The primary goal of cross-docking is that the product does not sit idle for long, Patterson points out. “I know my customer’s needs for his product “A.” So I receive enough of “A” on the incoming truck, sort it, and send it out on 15 different trucks as mixed loads with other products destined to 15 different retailers. The incoming freight may be just one product per truckload, but the outbound trucks are mixed loads. We are not building an inventory. What have we gained? Fifteen trucks will each make one stop instead of 15 stops. Along with cube efficiency, that reduces freight costs.”

Taking it seriously

The Visual Pak Companies has been performing distribution activities for clients since its inception. However, the Waukegan, IL-based company has refocused. “About four years ago, we got serious about distribution when we launched an operation in a 700,000-sq-ft building in the Southeast U.S. that focused solely on cross-docking operations,” explains Tim Koers, chief operating officer. “We leveraged our operational knowledge from years of smaller cross-docking activities, as well as worked closely with our customers to tailor it to their specific postponement and distribution requirements.

“There is nothing too glamorous about cross-docking operations, but we take great pride in trying to innovate the processes through various means to make it more efficient and economical. We decided to put more effort into cross-docking for a variety of reasons,” Koers continues. “The first and foremost motivation was because we listened to our customers, and they have a need for it. They really appreciate a single-source vendor who is able to procure raw packing materials, manufacture their goods, package their goods, distribute and transport their goods. It makes it easier on the hectic daily demands of our CPG customers, and it provides a single point of accountability.

“The second reason was to foster and fuel internal growth and service offerings. By creating a focused operation, we were able to learn much about not only how the tactical decisions affect the operation, but also what benefits cross-docking provides on a strategic level. Lastly, we have committed to growing our Visual Pak Logistics division, and this was a natural extension for our existing asset and broker-based division.”

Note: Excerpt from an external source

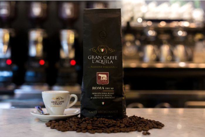 A decaf Coffee lovers dream Caffè! Enjoy the rich flavor of Gran Caffè L’Aquila’s Roma Decaf blend featuring an organic & Fair Trade central Italian blend decaffeinated utilizing the all natural Swiss Water Method .

Keeping an eye on product movement

Growing the logistics side of the business, however, requires tight control over product tracking. “We keep track of products on a pallet-by-pallet level with a state-of-the-art, internally designed and developed Warehouse Management System (WMS),” Koers explains. “Our system utilizes our own ‘License Plate’ tagging of each and every pallet that comes into the warehouse through receiving, is consumed in the production process, is generated as output in the production process, and lastly is shipped out from the docks.

“Our system allows us to scan a bar code and know everything about that pallet: when did it come in, who touched it last, how many times has it been touched, where has it been, how old is it, and so on. It really drives accountability in the critical material movement processes through the operations.

“Additionally, our WMS, being fully integrated in the same development environment as our ERP (enterprise resource planning), allows us the significant advantage of customization and the speed in which we roll out changes,” Koers continues. “We have the ability to further deepen our client relationships with immense quantities of data shared through portals, data dumps, traditional electronic data interchange, and custom reporting. This means a lot to CPG clients and shows we are excellent stewards of their goods.”